### Problem to solve:
The required output is a verbatim transcription of the listing, pictures excluded.

### Stored data:
○ ○ ○
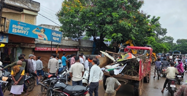 बिलासपुर :- बिलासपुर उच्च न्यायालय के आदेश और कलेक्टर के निर्देश पर शनिवार को बोदरी नया पारा चौक से चकरभांठा ब्रिज तक एवं रहंगी मोड़ से हाईकोर्ट आवासीय परिसर तक सड़क किनारे किए गए अवैध अतिक्रमण को हटाने बड़ी कार्रवाई की गई।फलों सब्जियों के ठेले, गुमटी, दुकानों के आगे लगाए गए पोस्टर और शेड को हटाकर नगरपालिका दस्ते ने जब्त कर लिया।सुबह 8 बजे से शाम 4.30 बजे तक चली कार्रवाई में यातायात बाधित करने वाले अव्यवस्थित वाहनों को लिफ्टर से उठाकर थाने भेजा गया। अभियान में तहसीलदार संदीप साय, नायब तहसीलदार ओमप्रकाश चंद्रवंशी, थाना प्रभारी उत्तम साहू, सीएमओ भारती साहू समेत राजस्व व पुलिस विभाग के अधिकारी-कर्मचारी बड़ी संख्या में मौजूद रहे।
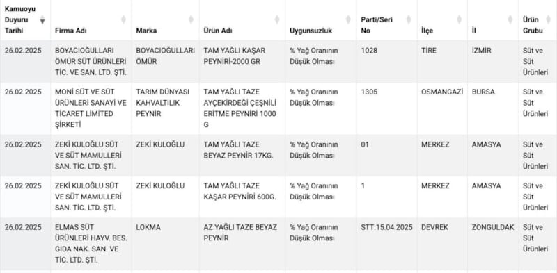 Burada da tüm yağlı kaşar peynirinde, tam yağlı ayçekirdeği çeşnili eritme peynirinde ve tam yağlı beyaz peynirde yağ oranı düşük çıktı.
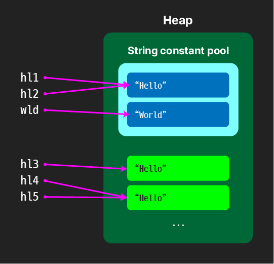 자세하게 설명하자면 너무 길어서 간단하게 말하자면 리터럴로 생성된 것은 String constant pool이라는 곳에 중복이 없게 저장된다. 예를 들어 hl1 변수가 "Hello" 로 선언된 후, hl2 변수도 "Hello" 로 선언되면 저 String constant pool 에서 기존에 있는 "Hello" 를 바라보게 하는 것이다.
○ ○ ○
### Response to this task:
 बिलासपुर :- बिलासपुर उच्च न्यायालय के आदेश और कलेक्टर के निर्देश पर शनिवार को बोदरी नया पारा चौक से चकरभांठा ब्रिज तक एवं रहंगी मोड़ से हाईकोर्ट आवासीय परिसर तक सड़क किनारे किए गए अवैध अतिक्रमण को हटाने बड़ी कार्रवाई की गई।फलों सब्जियों के ठेले, गुमटी, दुकानों के आगे लगाए गए पोस्टर और शेड को हटाकर नगरपालिका दस्ते ने जब्त कर लिया।सुबह 8 बजे से शाम 4.30 बजे तक चली कार्रवाई में यातायात बाधित करने वाले अव्यवस्थित वाहनों को लिफ्टर से उठाकर थाने भेजा गया। अभियान में तहसीलदार संदीप साय, नायब तहसीलदार ओमप्रकाश चंद्रवंशी, थाना प्रभारी उत्तम साहू, सीएमओ भारती साहू समेत राजस्व व पुलिस विभाग के अधिकारी-कर्मचारी बड़ी संख्या में मौजूद रहे।
 Burada da tüm yağlı kaşar peynirinde, tam yağlı ayçekirdeği çeşnili eritme peynirinde ve tam yağlı beyaz peynirde yağ oranı düşük çıktı.
 자세하게 설명하자면 너무 길어서 간단하게 말하자면 리터럴로 생성된 것은 String constant pool이라는 곳에 중복이 없게 저장된다. 예를 들어 hl1 변수가 "Hello" 로 선언된 후, hl2 변수도 "Hello" 로 선언되면 저 String constant pool 에서 기존에 있는 "Hello" 를 바라보게 하는 것이다.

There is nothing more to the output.